It's Thursday. And the Thing I Love today is MY TOOL BOX.
I have accumulated if you will, a toolbox.
Now, picture the actual tools being metaphorical tools, say, the wrench is PAUSING BEFORE REACTING, and the hammer is SITTING WITH IT.
Not sitting ON it, a la The Fonz. But just having a feeling, SITTING WITH IT, and not having to act on it immediately and from my gut. I've written before about what an asshole I used to be when I first got sober - the first few years there. I wrote about keeping it zipped in the workplace, and what a gift that is to be able to SHUT MY DAMN PIE HOLE.
But SITTING WITH IT for me, means something happens or someone does something to me (most times it's not TO ME anyway) and I just don't react. Similar to pausing, in fact, right after pausing, SITTING WITH IT can mean the time I just digest. And talk to other trusted people about it. Meditate on it. Just FEEL it. It's OK to just FEEL it. Even if it's shitty and I feel so pressed to react, I still SIT WITH IT today. NOT ALWAYS, but so much more than I used to. I used to drink to not feel this stuff. It was too uncomfortable to feel uncomfortable. And guess what? IT STILL IS UNCOMFORTABLE. But today, that is OK. I can still SIT WITH IT and be OK.

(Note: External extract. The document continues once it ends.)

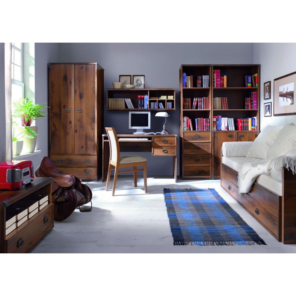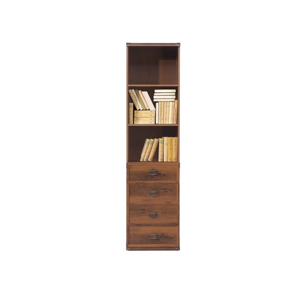Шкаф разделен на 2 отделения: верхнее –открытое отделение с полками из ДСП, нижнее – 4 выдвижных ящика на металлических роликовых направляющих.Оригинальные металлические ручки.Металлические накладки на уголках.Отличный вариант для оформления рабочего места Вашего ребенка, гостиной комнаты.Цвет: Дуб саттер.Цвет: Сосна каньйон.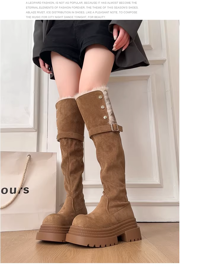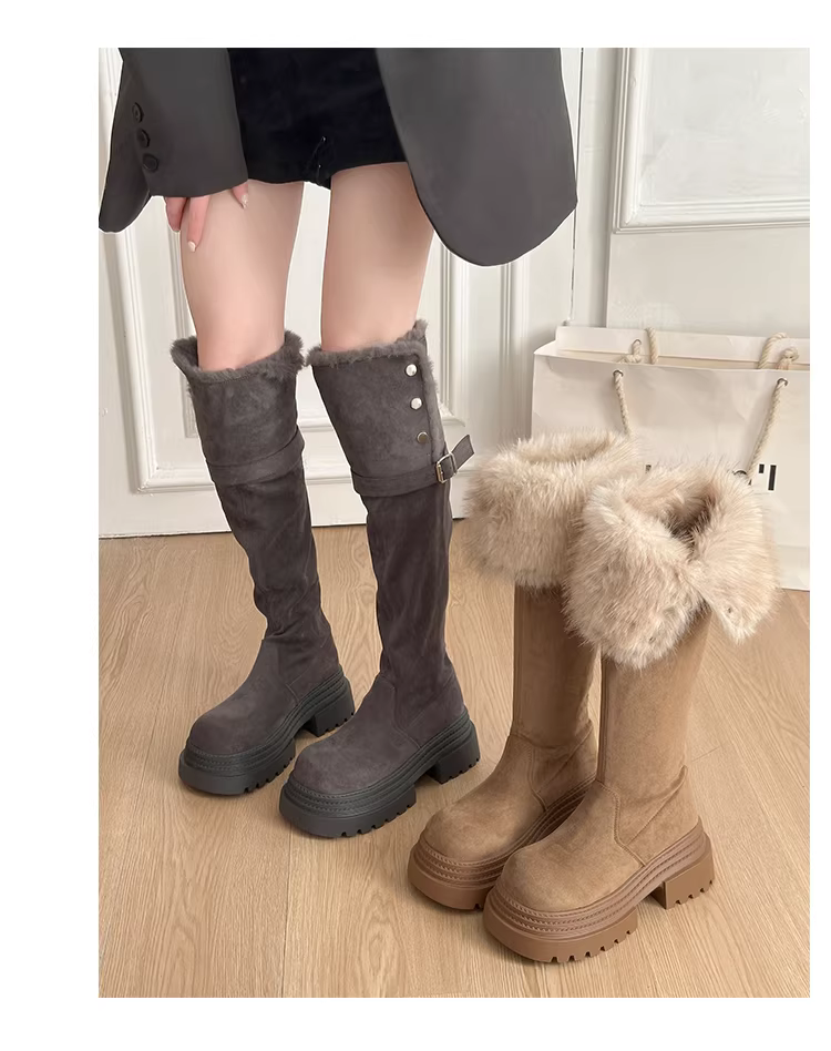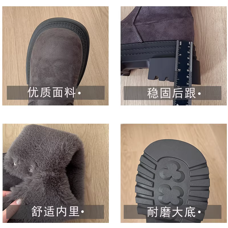 - Giày bốt nữ cổ cao giữ ấm đế dày mùa đông 2025 mới, lót lông cừu dày dặn, chất liệu len cotton

It is yet another tool that is in my toolbox of how to deal with being a functioning member of society these days. I never learned these tools until I got sober. It seems so silly and common sensical, but you see people flying off the handle and spreading their bullshit negativity everywhere they go, so it must NOT be that common sensical. I don't want to be that person any more. Because I was. I was angry and I was bitter for a long time. I gut reacted to EVERYTHING. I made everything about my feelings. And guess what? Feelings aren't facts. Most times things aren't even about me, and if I just PAUSE, SIT WITH IT and develop a plan, things go so much more smoothly for me. And for others, for that matter.
I am not that angry, bitter person anymore because I chose to change. I did a lot of hard work on myself that is still on-going and always will be. COPING SKILLS. LIFE TOOLS. Who knew? These tools I've learned through sobriety and I have a chance to make better choices in my life.
It sounds super hippie dippy trippy, but I'm all about love and compassion today. I want to give people the benefit of the doubt and I want to give second chances. Of course, that's where another tool comes out of the tool box, BOUNDARIES. Healthy boundaries protect me. I am responsible for myself. No one else is. PERIOD.
I know, I hear myself talk sometimes and I want to spank my own face, but this shit works you guys! It's all part of letting go and just being happy. Not fighting so hard against everyone and everything has given me freedom to be genuinely happy. Even the shittiest of times doesn't have to be so shitty, if I use my toolbox and don't rely on old behaviors. Old behaviors make me sad and unhappy and miserable to be around. Old behaviors make me drink.